Thanks, Peter, and good morning, everyone. The FARO team performed well in the second quarter and exceeded internal expectations by driving 26% orders growth and 20% sales growth increasing gross margin by 150 basis points and delivering $0.36 of earnings per share for our shareholders.
By all measures, the second quarter was strong for FARO and keeps us on track to deliver overall mid-teens sales growth in 2014. Globally, market conditions continued to be stronger than they were at this time last year. However, there are continuing pockets of weakness in Europe as well as Southeast Asia.
Regardless of that, each region posted double-digit percent sales growth versus prior year on strong unit sales volume gains.
The Europe/Africa team led the global business by posting 40% orders growth and 25% sales growth in higher tracker and laser scanner unit sales volume, a remarkable result considering the weakness we saw in Europe throughout 2013 and even in 2012.

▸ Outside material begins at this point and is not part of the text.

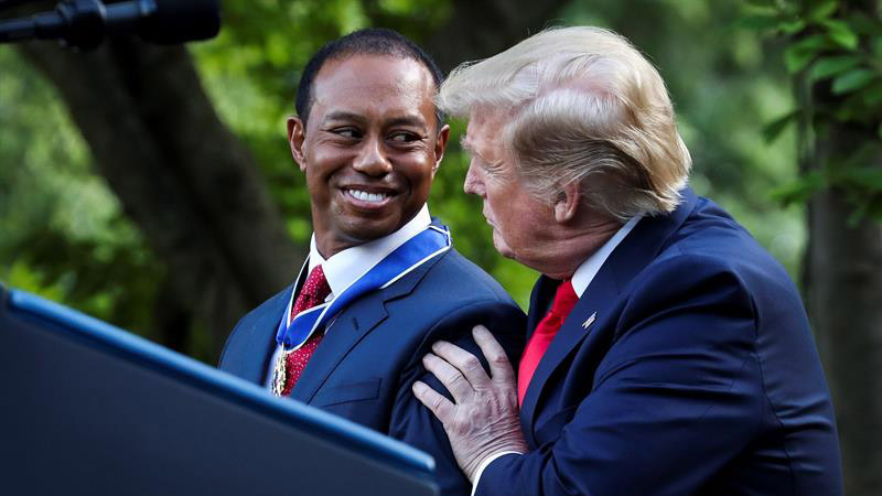 El mandatario nunca ha ocultado su admiración por Woods, con quien juega al golf con cierta asiduidad, generalmente en alguno de clubes que forman parte del conglomerado de Trump.

The Americas also had strong double-digit orders and sales growth and across all three regions, we remain well positioned to achieve our internal targets for 2014. All product lines showed growth this year – year-over-year even with sales volume increases.
We are most excited by the strong unit sales volume growth of laser scanner in all regions especially within the Americas where unit sales volume more than doubled.

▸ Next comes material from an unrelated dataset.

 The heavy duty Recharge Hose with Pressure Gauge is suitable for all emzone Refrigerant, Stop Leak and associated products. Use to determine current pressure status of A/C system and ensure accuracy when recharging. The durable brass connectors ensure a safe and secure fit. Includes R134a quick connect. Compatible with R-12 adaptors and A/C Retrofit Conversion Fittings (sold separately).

Based on feedback from our customers, the value proposition of the X 130 and X 330 laser scanner is compelling and we are encouraged by the potential growth across all of our vertical markets. While they are still very new products in the market, it gives us significant technical advantages over our competitors’ products.

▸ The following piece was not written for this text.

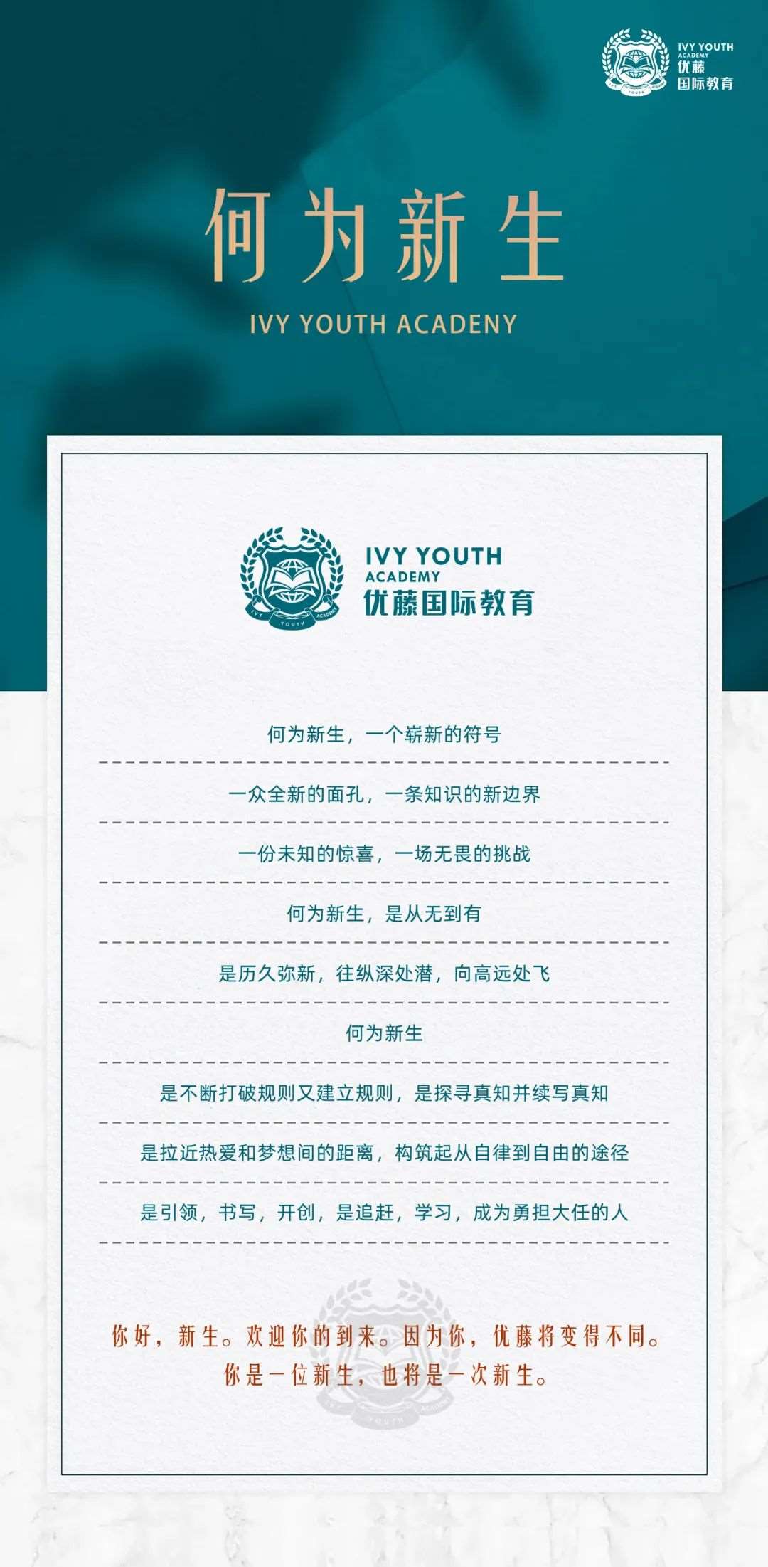 衷心祝愿你们在优藤度过一段快乐、充实、难忘的时光,成为有理想、有道德、有文化、有能力的新时代青年,再次欢迎你们加入优藤这个大家庭,让我们携手开启一段崭新的青春旅程,共同创造美好的未来!

The FARO X 130 and X 330 products have enabled to achieve and maintain target price levels since their introduction. However, price competition in our own product line remained difficult but manageable.
In summary, we grew top line sales in the second quarter by driving unit sales volume growth across all regions and product lines, especially laser scanners.
However, even with the strong focus by FARO employees on delivering an excellent second quarter, the team also remained dedicated to laying the foundation for strong growth in our future quarters by executing on several key strategic growth initiatives. The first is to ensure we remain highly focused on disruptive product innovation.
We’re dedicated to our stated commitment to develop new disruptive products in our research labs by increasing our R&D spending this quarter by $1.5 million or 29% to 6.7 million. The research and development organization is being pressed to deliver new or upgraded products at faster intervals.
Through the rest of this year and 2015 as well, we will expect to see the tangible benefits of this effort. Our second strategic focus, as communicated in last quarter’s earnings call, is to accelerate the evaluation of potential acquisition of new technology.
FARO’s senior management team is looking aggressively beyond our own research labs to identify disruptive, complementary products and solutions especially in optical technologies and software capability. As you now know, last night we announced our first acquisition for 2014 with the acquisition of CAD Zone.
CAD Zone’s point cloud offering is a perfect match to our vertical market strategic initiative and they are considered one of the pioneers in forensic software.
By integrating CAD Zone’s software products like CZ Point Cloud, Crime Zone and Crash Zone into our FARO portfolio, we will offer a turnkey, easy-to-use, hardware and software solution for laser scanning in the forensics market.
Law enforcement agencies, insurance companies and accident re-constructionists will have a complete solution to step-up the 3D point cloud technology to diagram crime or crash sheets. We believe this represents at least a $300 million annual opportunity for FARO to pursue in this space.
We welcome the CAD Zone team to FARO and are excited by the growth possibilities offered in this vertical for introducing a simple integrated solution for customers. Our third strategic priority in 2014 focuses on investing in our infrastructure to drive future growth.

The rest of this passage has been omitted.